**Dataset:**
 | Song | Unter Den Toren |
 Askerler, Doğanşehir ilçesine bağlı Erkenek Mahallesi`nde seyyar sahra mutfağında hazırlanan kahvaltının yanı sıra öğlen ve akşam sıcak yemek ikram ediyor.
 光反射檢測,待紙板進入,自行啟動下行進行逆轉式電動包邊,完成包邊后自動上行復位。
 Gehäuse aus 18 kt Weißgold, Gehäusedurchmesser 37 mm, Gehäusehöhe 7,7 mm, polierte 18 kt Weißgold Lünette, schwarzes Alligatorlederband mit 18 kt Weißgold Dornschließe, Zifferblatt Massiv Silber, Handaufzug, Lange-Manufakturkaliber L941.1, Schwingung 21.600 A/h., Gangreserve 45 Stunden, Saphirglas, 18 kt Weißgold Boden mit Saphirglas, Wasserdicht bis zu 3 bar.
==
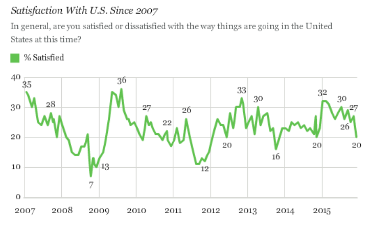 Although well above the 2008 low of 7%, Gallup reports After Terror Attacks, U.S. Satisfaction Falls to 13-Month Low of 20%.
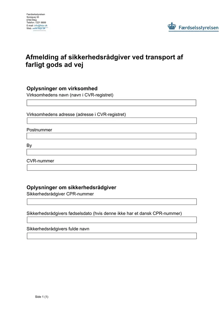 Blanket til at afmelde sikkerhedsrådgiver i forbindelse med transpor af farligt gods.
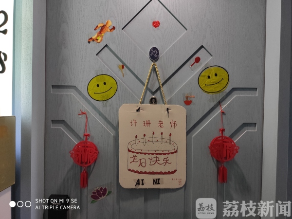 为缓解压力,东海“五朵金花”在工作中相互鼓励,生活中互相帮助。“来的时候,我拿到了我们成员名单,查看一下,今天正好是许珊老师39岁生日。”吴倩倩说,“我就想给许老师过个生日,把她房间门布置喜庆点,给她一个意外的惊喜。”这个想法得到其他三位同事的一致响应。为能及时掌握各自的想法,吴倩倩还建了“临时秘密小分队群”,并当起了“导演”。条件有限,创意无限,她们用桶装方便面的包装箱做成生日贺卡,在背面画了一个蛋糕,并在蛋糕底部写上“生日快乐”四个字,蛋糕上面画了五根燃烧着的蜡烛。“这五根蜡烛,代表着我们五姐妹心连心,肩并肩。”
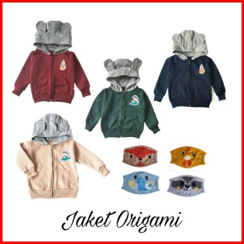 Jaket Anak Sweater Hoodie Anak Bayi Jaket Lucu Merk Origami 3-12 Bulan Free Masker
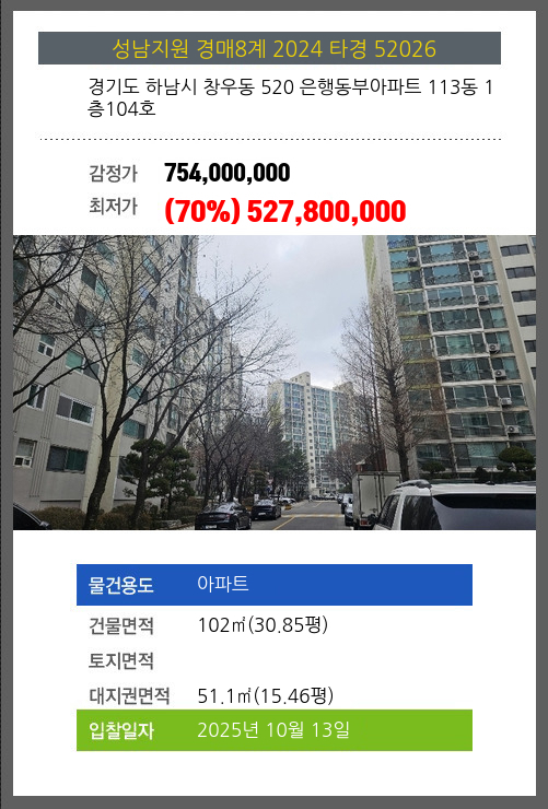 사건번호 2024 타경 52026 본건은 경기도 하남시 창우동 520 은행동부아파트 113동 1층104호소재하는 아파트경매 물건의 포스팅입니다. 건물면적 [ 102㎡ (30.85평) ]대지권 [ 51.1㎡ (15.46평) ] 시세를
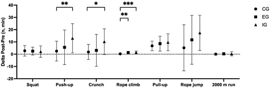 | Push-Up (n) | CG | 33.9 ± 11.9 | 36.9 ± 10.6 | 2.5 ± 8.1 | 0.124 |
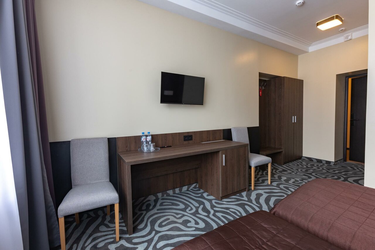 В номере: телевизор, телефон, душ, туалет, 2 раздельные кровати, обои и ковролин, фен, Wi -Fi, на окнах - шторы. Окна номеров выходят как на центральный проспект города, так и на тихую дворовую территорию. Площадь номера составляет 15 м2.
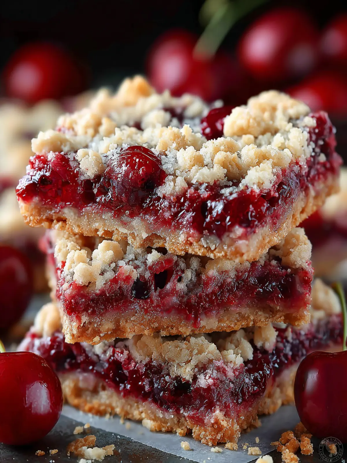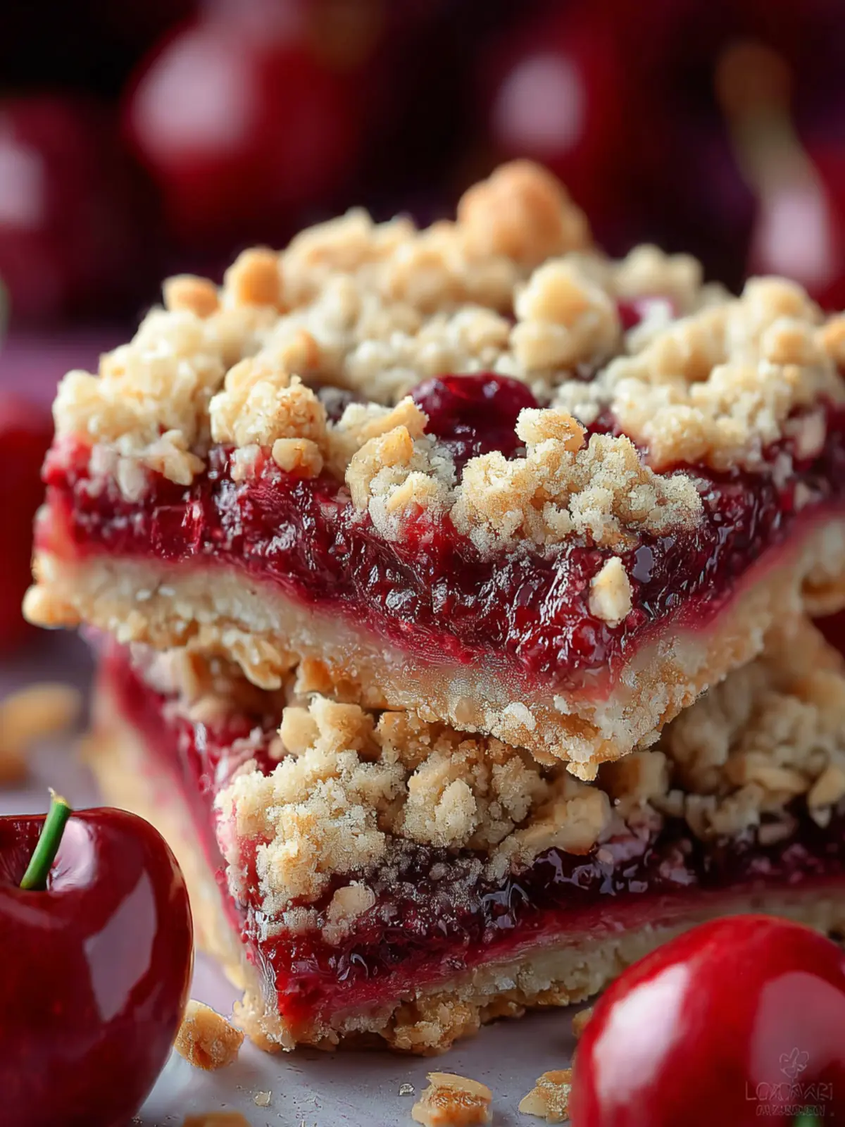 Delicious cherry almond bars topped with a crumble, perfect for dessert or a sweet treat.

**The problem:** Above are entries with pictures among them. Write out exactly the lines from the one containing "Blanket til at" through the one containing "Delicious cherry almond", ends included, and leave those pictures out.

**Expected output:**
 Blanket til at afmelde sikkerhedsrådgiver i forbindelse med transpor af farligt gods.
 为缓解压力,东海“五朵金花”在工作中相互鼓励,生活中互相帮助。“来的时候,我拿到了我们成员名单,查看一下,今天正好是许珊老师39岁生日。”吴倩倩说,“我就想给许老师过个生日,把她房间门布置喜庆点,给她一个意外的惊喜。”这个想法得到其他三位同事的一致响应。为能及时掌握各自的想法,吴倩倩还建了“临时秘密小分队群”,并当起了“导演”。条件有限,创意无限,她们用桶装方便面的包装箱做成生日贺卡,在背面画了一个蛋糕,并在蛋糕底部写上“生日快乐”四个字,蛋糕上面画了五根燃烧着的蜡烛。“这五根蜡烛,代表着我们五姐妹心连心,肩并肩。”
 Jaket Anak Sweater Hoodie Anak Bayi Jaket Lucu Merk Origami 3-12 Bulan Free Masker
 사건번호 2024 타경 52026 본건은 경기도 하남시 창우동 520 은행동부아파트 113동 1층104호소재하는 아파트경매 물건의 포스팅입니다. 건물면적 [ 102㎡ (30.85평) ]대지권 [ 51.1㎡ (15.46평) ] 시세를
 | Push-Up (n) | CG | 33.9 ± 11.9 | 36.9 ± 10.6 | 2.5 ± 8.1 | 0.124 |
 В номере: телевизор, телефон, душ, туалет, 2 раздельные кровати, обои и ковролин, фен, Wi -Fi, на окнах - шторы. Окна номеров выходят как на центральный проспект города, так и на тихую дворовую территорию. Площадь номера составляет 15 м2.
 Delicious cherry almond bars topped with a crumble, perfect for dessert or a sweet treat.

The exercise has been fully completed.